Chaga
- First edition cover
- Author: Ian McDonald
- Audio read by: Melanie McHugh
- Language: English
- Genre: Science fiction
- Publisher: Gollancz (UK) Bantam Spectra (US)
- Publication date: 12 October 1995 (UK) 1 December 1995 (US)
- Publication place: United Kingdom
- Media type: Print, E-book, Audiobook
- Pages: 416
- ISBN: 978-0-57506-052-4 (UK) 0-553-37435-4 (US)
- Preceded by: "Toward Kilimanjaro"
- Followed by: Kirinya

= Chaga (McDonald novel) =

1995 novel by Ian McDonald

Chaga (published as Evolution's Shore in the United States) is a 1995 science fiction novel by British author Ian McDonald. It was released in the United Kingdom on 12 October 1995. Told through the eyes of journalist Gaby McAslan, the novel explores the catastrophic effects of an alien flora, dubbed the "Chaga", which is brought to Kenya by a meteor in what has become known as the Kilimanjaro Event.
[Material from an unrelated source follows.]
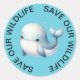 Stickers Bleus avec une jolie photo d'une Baleine Bleue au milieu. Save Out Wildlife imprimée en cercle autour des bords. Stickers enjeux de l'environnement et verts. Idéal pour tous vos projets fixes, artisanaux ou scolaires. Stick sur vos boîtes à lunch ou bouteilles d'eau.

McDonald said of the novel:

The image of the unstoppable wave of transformation was nicked from The Wrath of Khan: it's the Genesis device, slowed down, and once I had that, it became a rich source of metaphors: for colonialism, new technology, globalisation, change, death. If the Chaga is colonialism, it's a unique kind that allows the people of the poor South to use and transform it to meet their needs and empower themselves: it's a symbiosis.

Chaga was nominated for the British Science Fiction Association Award for Best Novel (1995), and the John W. Campbell Memorial Award for Best Science Fiction Novel (1996).